Kris_J writes "Highlift Systems may have found a second location for the anchor of their space elevator -- Perth, Western Australia. Apparently we have the calm waters and international airport that it needs, amongst other things. Slashdot has covered this company's efforts before: Oct 9, 2002 and, earlier, August 13, 2002, but it's worth discussing again since '[recent funding] has been given momentum by the Columbia shuttle disaster.'"

23 of 589 comments (clear)

  1. Question by KeatonMill · · Score: 4, Insightful
    This is probably a stupid question, but why wouldn't inertia rip it apart? The way I see it happening is as follows: The bottom of the elevator is firmly anchored to Earth and the top is floating in space. The bottom is anchored so its movements match Earth's. The top, however, is so high up that it lags behind a bit and bends the whole elevator. Eventually, the material weakens and bends enough that the Earth pulls it down gravitationally and breaks it in two.

    Also, could this possible create drag in the solar wind and slow the Earth's rotation? (most likely another stupid question)

    1. Re:Question by Anonymous Coward · · Score: 1, Insightful

      > Also, could this possible create drag in the
      > solar wind and slow the Earth's rotation?

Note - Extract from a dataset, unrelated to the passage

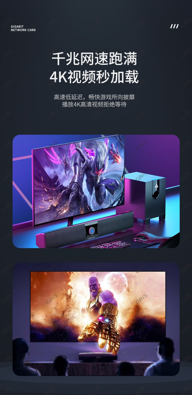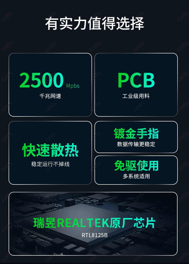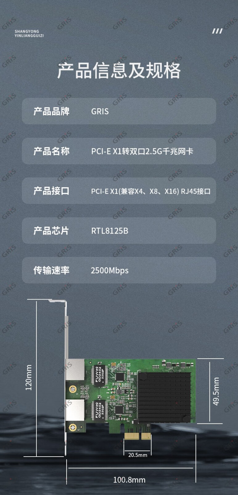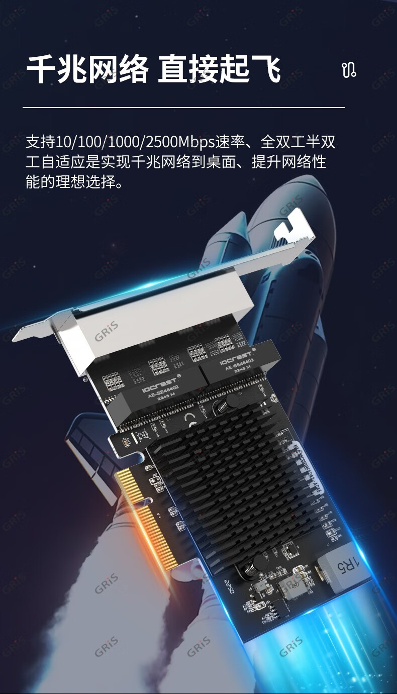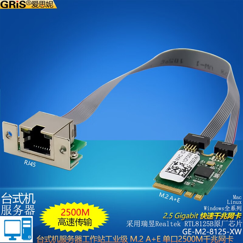 GRIS PCI-E to 2.5G Gigabit network card 2500M computer 4-port 2500M desktop M2 server I225V Synology esxi soft routing convergence RTL8125B mini mini 8125B chip 2.5G single port LD

      No, however there is an effect that will slow down the earth. Moving things from the surface to orbit increases their angular momentum, which in turn decreases the angular momentum of the earth. The effect is negligably small though and explained in the FAQ on the company home page i believe...

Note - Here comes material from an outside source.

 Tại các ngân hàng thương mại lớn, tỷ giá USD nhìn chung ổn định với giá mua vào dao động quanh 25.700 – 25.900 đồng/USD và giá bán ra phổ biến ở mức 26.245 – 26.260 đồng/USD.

  2. Re:Okay by silvaran · · Score: 1, Insightful

    What is bearing the load against the earth's gravity?

    Rotational velocity. The rotation of the earth imposes an outward force on the elevator, keeping it in place. The elevator would be anchored to the earth, not anchored to the sky.

  3. you slack or stupid? by QuantumG · · Score: 4, Insightful
    Simply read the docs:

    The simplest explanation of the space elevator is that it is a cable with one end attached to the Earth's surface and the other end in space beyond the geosynchronous orbit (35,800 km altitude). The competing forces of gravity at the lower end and outward centrifugal acceleration at the farther end keep the cable under tension and stationary over a single position on Earth. This cable, once deployed, can be ascended by mechanical means to Earth orbit.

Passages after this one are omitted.